The correct way would be not to write a Dispose
function at all. At best you're just tying up the GC, preventing it from freeing your object until it invokes it on the GUI thread (slowing it down) and gets back confirmation that it has run. At worst you write it as bad as you did and end up with potential memory leaks.
Now if you handle native memory or resources directly in your object (and it's rare, you can avoid handling most of them and leave it to .NET), the correct way of writing a finalizer (ie the part you're missing!) is:
public class Base: IDisposable
{
private bool disposed = false;
//Implement IDisposable.
public void Dispose()
{
Dispose(true);
GC.SuppressFinalize(this);
}
protected virtual void Dispose(bool disposing)
{
if (!disposed)
{
if (disposing)
{
// Free other state (managed objects).
}
// Free your own state (unmanaged objects).

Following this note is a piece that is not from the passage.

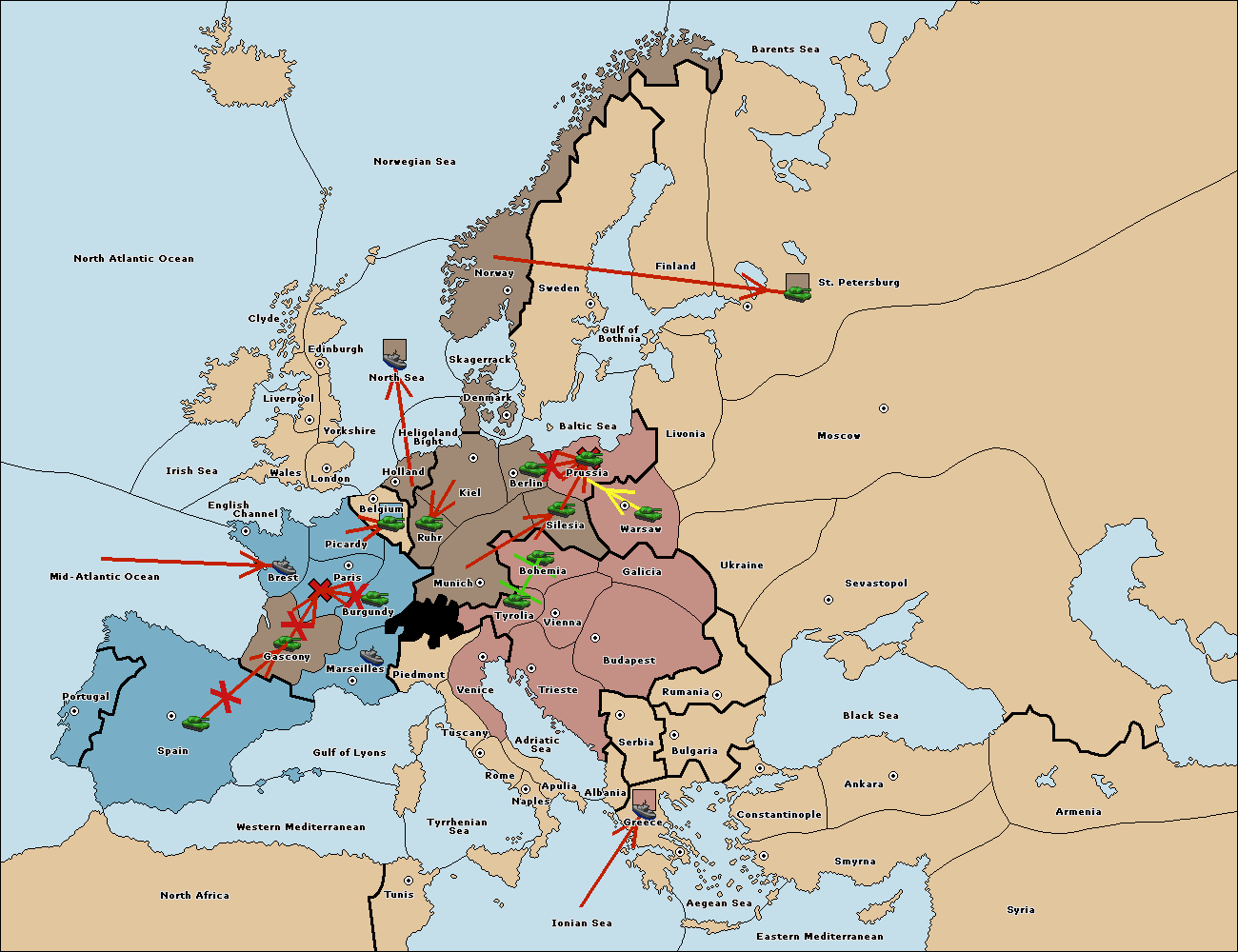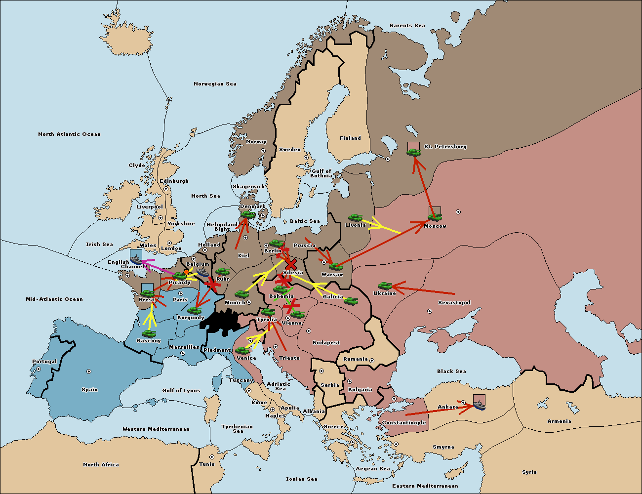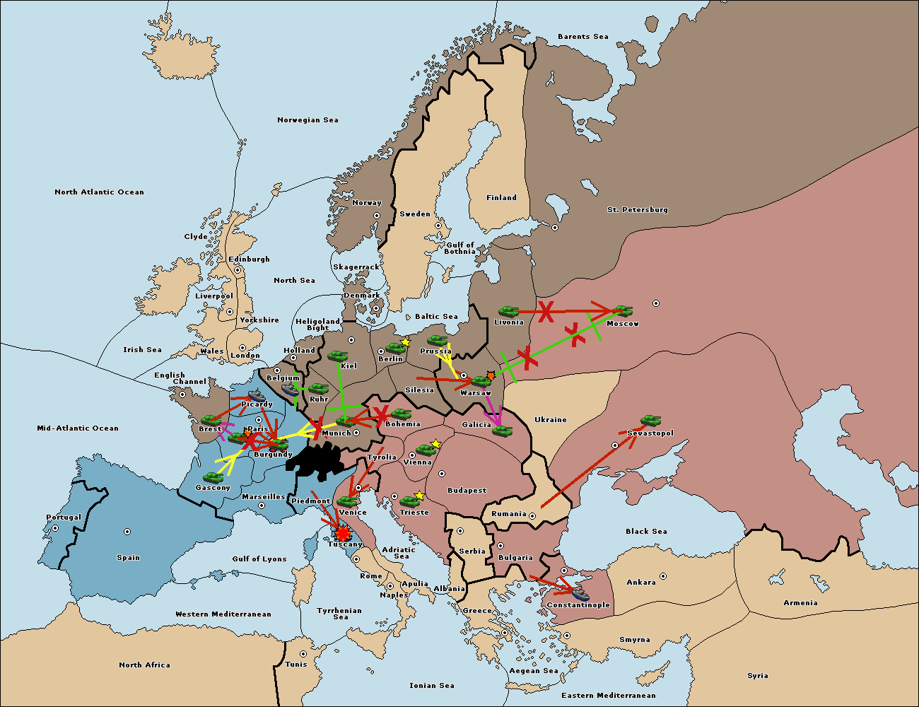 The fleet at Bulgaria (South Coast) move to Constantinople.

// Set large fields to null.
disposed = true;
}
}
// Use C# destructor syntax for finalization code.
~Base()
{
// Simply call Dispose(false).
Dispose (false);
}
}
Where your code simply prevents finalizers from running, this code either calls Dispose(false)

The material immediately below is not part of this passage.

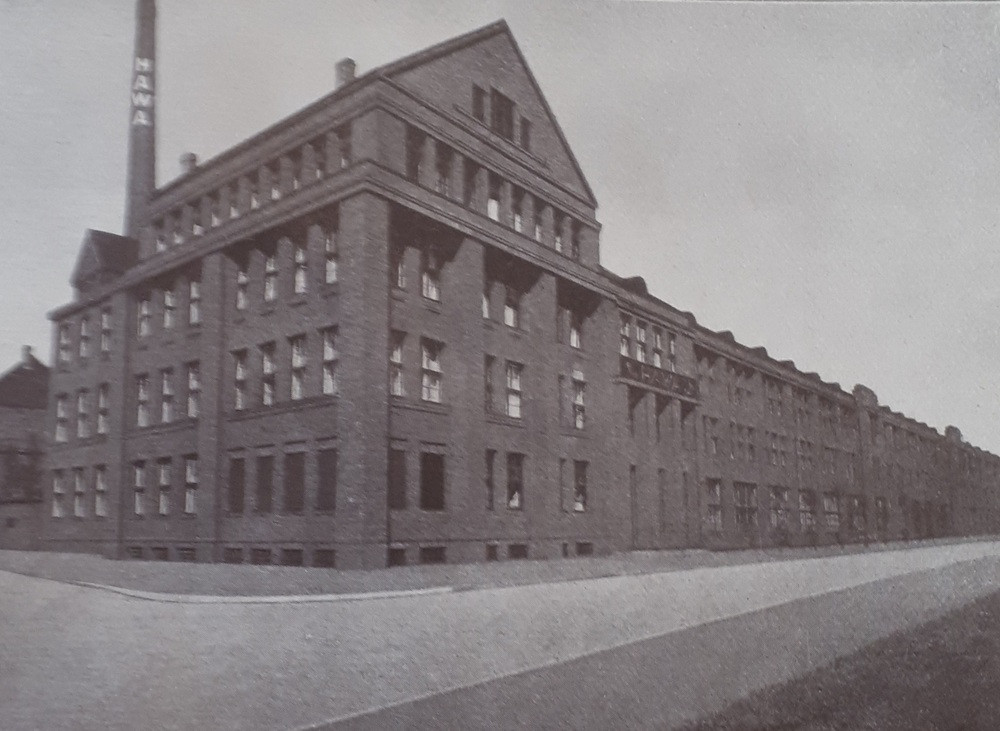 Historisches HAWA Gebäude in schwarz-weiß Ansicht

in your finalizer (ie when the GC determines that your object is useless and tries to free it) or Dispose(true)
when you call Dispose()
yourself (and then prevents the GC from calling the finalizer so you don't dispose twice).
As to how you use it, this is the correct way:
using(var obj = new Base())
{
// do whatever you want
// obj.Dispose() will automatically be called at the end of scope
}
Which is functionally equivalent to:
try
{
var obj = new Base();
// use the object
}
finally
{
// always called, even during exception stack unwinding
obj.Dispose();
}
And again, the correct way is not to write a Dispose
. Every time you are required to do it, it's a failure of the framework to provide you with the right tools to stay in the managed world. These instances are fewer and fewer nowadays.